Red Meat is Hard To Digest
Red meat, especially beef, tends to be harder for the body to digest. The human body comes with plenty of enzymes built to break down meat, but red meat has more protein and fat than vegetables or grains, which requires more energy to deconstruct.
Researchers still don’t know why digestion makes people feel tired. Scientists at Japan’s Kyorin University hypothesize that blood flow to the intestines “dramatically increases,” which zaps the rest of your energy. Since digesting red meat requires more blood flow, beef causes people to feel more groggy than other foods.
Figure Out How Figs Make You Foggy
Figs pack on potassium, calcium, iron, and magnesium. Calcium and magnesium both help the brain generate melatonin and just one cup of figs present 241 mg of calcium and 25% of an adults’ recommended magnesium. These vitamins encourage a physiological sensation that tells our body to start dozing off.

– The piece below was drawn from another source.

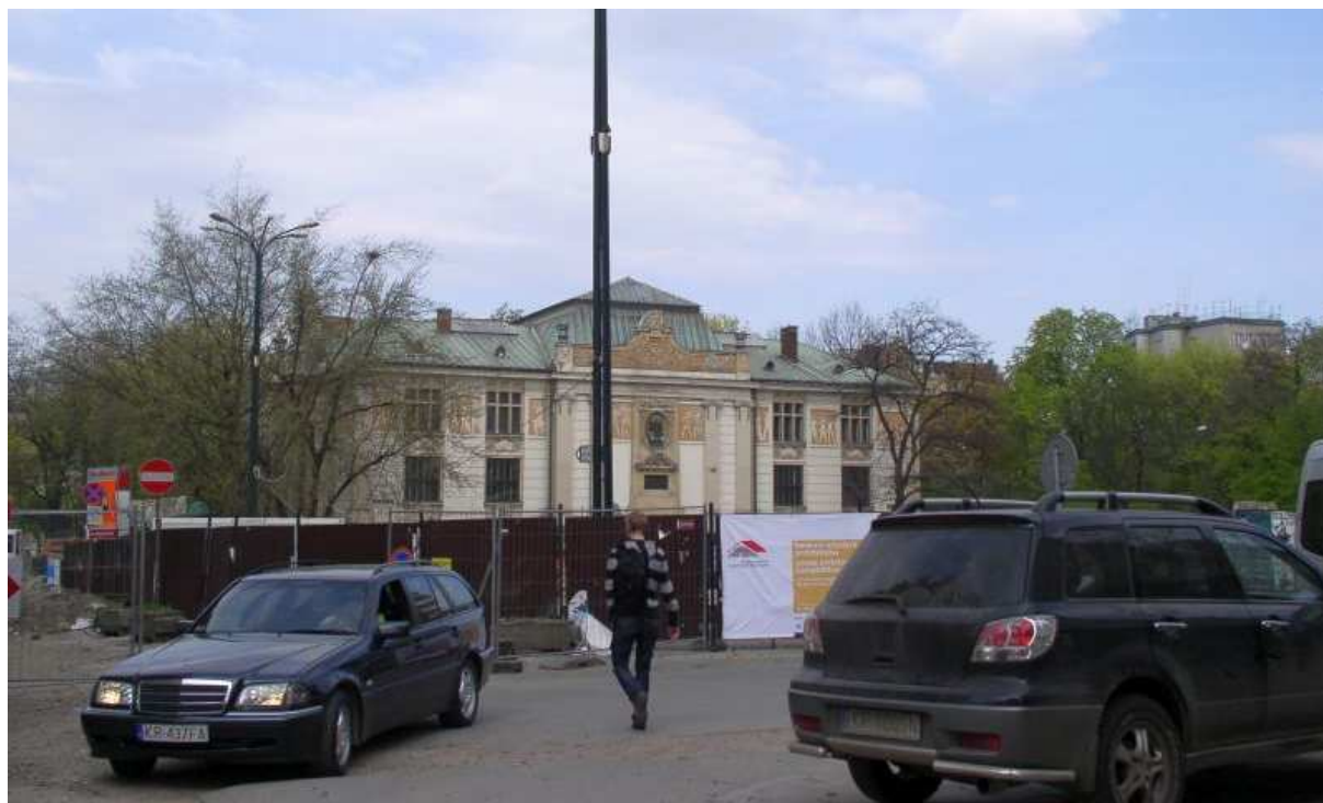
Fot. nr 144. Plac w czasie remontu i wymiany nawierzchni. 17.04.09

“These minerals help with blood flow and muscle contraction, which are key for falling asleep,” reports Jaclyn London, RD, MS, CDN, Nutrition Director at the Good Housekeeping Institute. A small number of figs combined with other food and protein should negate these effects, however.
Flavored Yogurt, Even If It’s Fat-Free
All dairy products contain calcium and tryptophan that can make you sleepy (hence the Old Wives’ Tale of drinking warm milk before bed). On top of that, artificially sweetened dairy products can result in an intense energy crash. Men’s Health reports that one container of fat-free certified organic yogurt packs 35 g of sugar, more than a Snickers bar.
The high amount of fat and sugar triggers the orexin system, which tells your body to hit the hay. Replace these products with unsweetened Greek yogurt to enjoy more protein and not crash later.
Watch Your Walnuts
While nuts provide a great dose of protein and healthy fats, eating too many can make you doze off. The American Sleep Association credits walnuts with having high magnesium and serotonin. But the nut’s most exhausting feature is the fat content.
Australian research in 2016 reported that people who ate 135 g of fat every day were 78% more likely to feel sluggish during the day. One cup of walnuts adds 52 g of fat to your diet. Measure out your nuts in small portions; for instance, 13 walnuts constitutes a 104 cal snack.
Like other dairy products, cottage cheese consists of tryptophan amino acids, the ultimate sleep-causers. On top of this, the National Sleep Foundation illustrates that cottage cheese’s protein casein digests slowly and prompts these hormonal changes for hours to come.
The combination of harder digestion and tryptophan can force you to nod off during work. Cottage cheese makes a great late-night snack, especially when paired with a melatonin-rich fruit like raspberries. To stay awake during the day, though, limit your cottage cheese consumption.
Not All Fruit Smoothies Are Created Equal
The National Sleep Foundation proposes that fruits, with their natural melatonin and antioxidant content, make you tired faster. When you eat fruits as a side, you probably won’t register these effects. But an entire meal of fruits– especially bananas, kiwis, pineapple, and oranges–will likely have you nodding off.
When crafting a smoothie, double-check that you have enough protein to override fruit’s melatonin. Most store-bought smoothies have over 50 g of sugar and little to no protein, which will only make you feel groggy later.